I believe a difficulty exists with how Luke and I are using the phrase “life a satisfactory life”. I am using it in the classical philosophical sense, rooted in worldviews which contained the context of some sort of transcendent existence after death. In this sense, the qualifications of what it takes to life a satisfactory life are objective and definite. They transcend the universe and all its particulars, including us. Since these objectives are transcendent, it follows that a meaningful life is not constrained to time and space.
It appears that Luke, as most atheists, want to view a satisfactory life as a subjective and finite target. The problem with that understanding, however, is that if the meaning of life is whatever the subject determines it to be2 then the notion that there is any meaning collapses in on itself.

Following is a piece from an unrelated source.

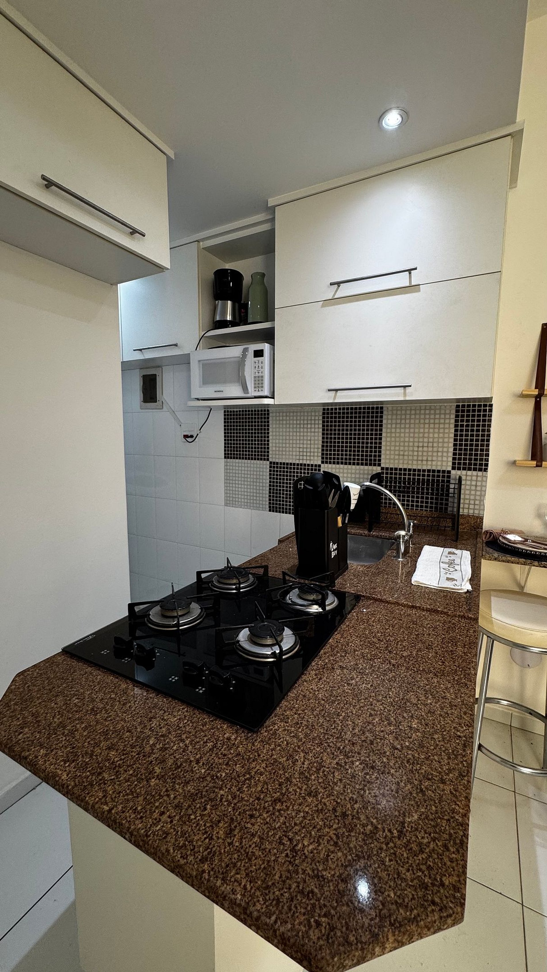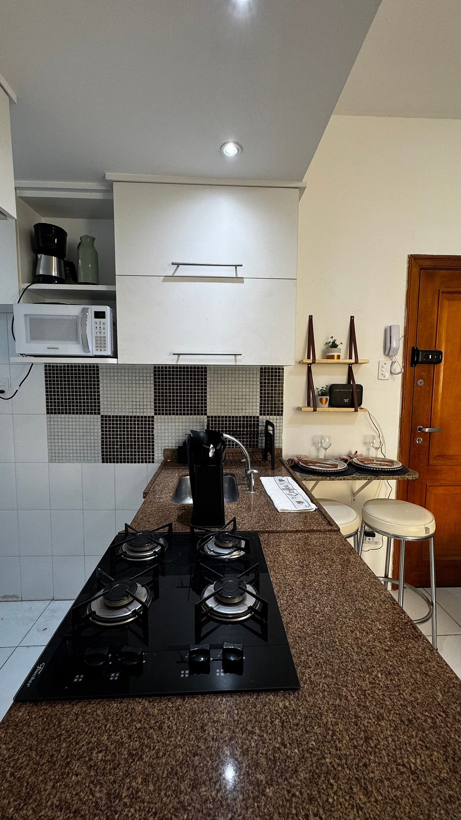A cozinha americana é funcional e bem equipada, com fogão, micro-ondas, cafeteira e utensílios completos para cozinhar, perfeita para preparar suas refeições.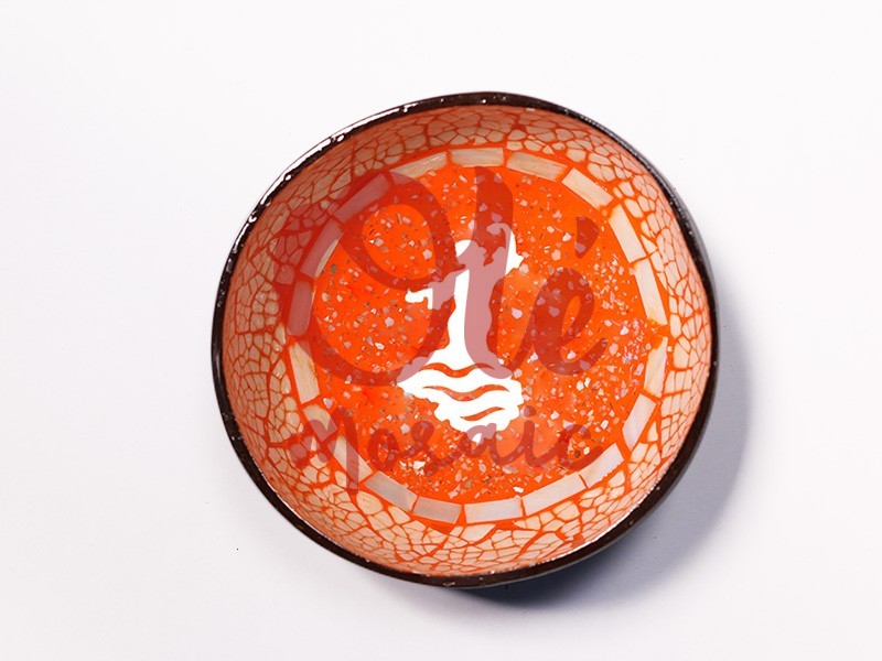 Bol de coco de un vibrante color naranja, con un diseño muy especial de una bailaora en el centro. Este atractivo bol, hecho de coco, presenta un acabado pulido y detalles en blanco que evocan el arte flamenco. El interior, con un patrón de mosaico, añade textura y calidez, mientras que su forma redonda lo convierte en un elemento decorativo ideal para cualquier hogar. Perfecto para servir aperitivos o simplemente como pieza decorativa, refleja la esencia del folclore español.

If there is no objective standard, then it becomes incoherent to talk about anything meeting that standard. Here Luke demonstrates how an incoherent worldview like atheism is not consistently livable. Luke deconstructs the words used, specifically meaning and purpose, and then claims that everything fits.
If we say anything goes when it comes to meaning and purpose of life then we render the question itself incoherent. Meaning is stripped of its, well, meaning as is purpose.
When you don’t know where you’re going, then any road will do.